Firefox Takes the Performance Crown From Chrome
diegocg writes "Recent browser benchmarks are showing surprising results: in 'a geometric mean of all four performance-based categories: Wait Times, JavaScript/DOM, HTML5/CSS3, and Hardware Acceleration,' Firefox 22 'pulls off an upset, replacing the long-time performance champion Google Chrome 27 as the new speed king.' (Other browsers benchmarked were IE10, Opera 12, and Opera Next.) With these results, and Firefox developers focusing in fixing the UI sluggishness, can this be the start of a Firefox comeback, after years of slow market share decline?"
Real adblock that stops unnecessary downloads makes more performance difference at this point, than any sort of rendering engine chances. It has the nice side effect of limiting how much tracking of you goes on too.
I don't get the love for Chrome among geeks. Why would anyone willingly use a browser funded by a search giant who makes money off of scouring your privacy and already has a history of handing things over to the NSA?
Neat test but I think the summary could at least clarify that the test system is Windows 8 64 Bit. It doesn't really mean a whole lot to me when I'm running a 64 bit distribution of GNU/Linux. Also the tests are selected by Tom's Hardware as a suite ... some of these tests are fairly meaningless to me and I feel like something like cold start time should be more heavily weighted than, say, hardware acceleration performance. The wait time on start up affects everyone and is unavoidable where hardware acceleration is nice but also not something I focus on. Also, why is a topic like "security" included in a "performance" test? I think standards compliance and security should be separated out to their own scores.

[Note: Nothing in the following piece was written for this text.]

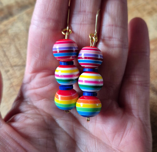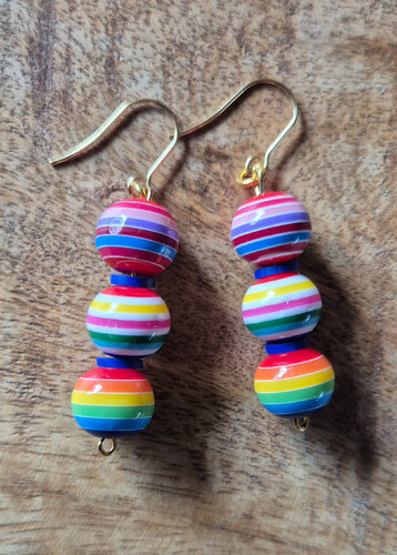 Deze oorbellen hebben goudkleurige oorhaken met daaraan drie grote gekleurde regenboog kralen. De verschillende kleuren in de oorbellen maken ze perfect om te combineren met allerlei outfits. Of je nu een zomerse jurk draagt of een casual jeans met een T-shirt, deze oorbellen passen er altijd bij! Met een lengte van 5,5cm zijn deze oorbellen een opvallende en stijlvolle toevoeging aan elke look.

Is anyone reading this actually using Windows 8?
My work here is dung.
I use it because it respects my privacy and freedom, not that i ever complained about firefox being slow, but speed was never the main factor of my decision to use firefox instead of chrome.
I regularly see my Firefox cracking a gig of memory. Then after a few days use it often starts getting weird. Then when I try to quit it the damn thing won't go away so I have to do a "Force Quit". I primarily keep using it because firebug is so good.
They like it for the same reason non-geeks do: it is very fast and stable, and it doesn't seem to leak memory like Firefox.
That said, I abandoned it because they got rid of their support for vertical tabs.
W..w..W - Willy Waterloo washes Warren Wiggins who is washing Waldo Woo.
Geometric mean is useful for comparing when the expected range or units of values is different. For example, startup time is measured in seconds, but BrowsingBench numbers are things like the unitless 6646. The arithmetic mean would fail to "normalize" these values and give disproportionate weight to some over others; the geometric mean is one way of trying to account for this.
R.Mo
god-fucking-dammit how many freaking times do we have to tell you that firefox is not disabling that option, its simply hiding it from the options menu. You can still disable javascript through the about:config menu (javascript.enable) and addons like noscript.
On all my systems I start the system when I boot up and it stays running pretty much indefinitely. When I am done with the system for the day I just hibernate the system. I just care how well the browser works over time and that it doesn't go nuts memory wise. Since my laptop has 16GB of ram I worry very little about the browser.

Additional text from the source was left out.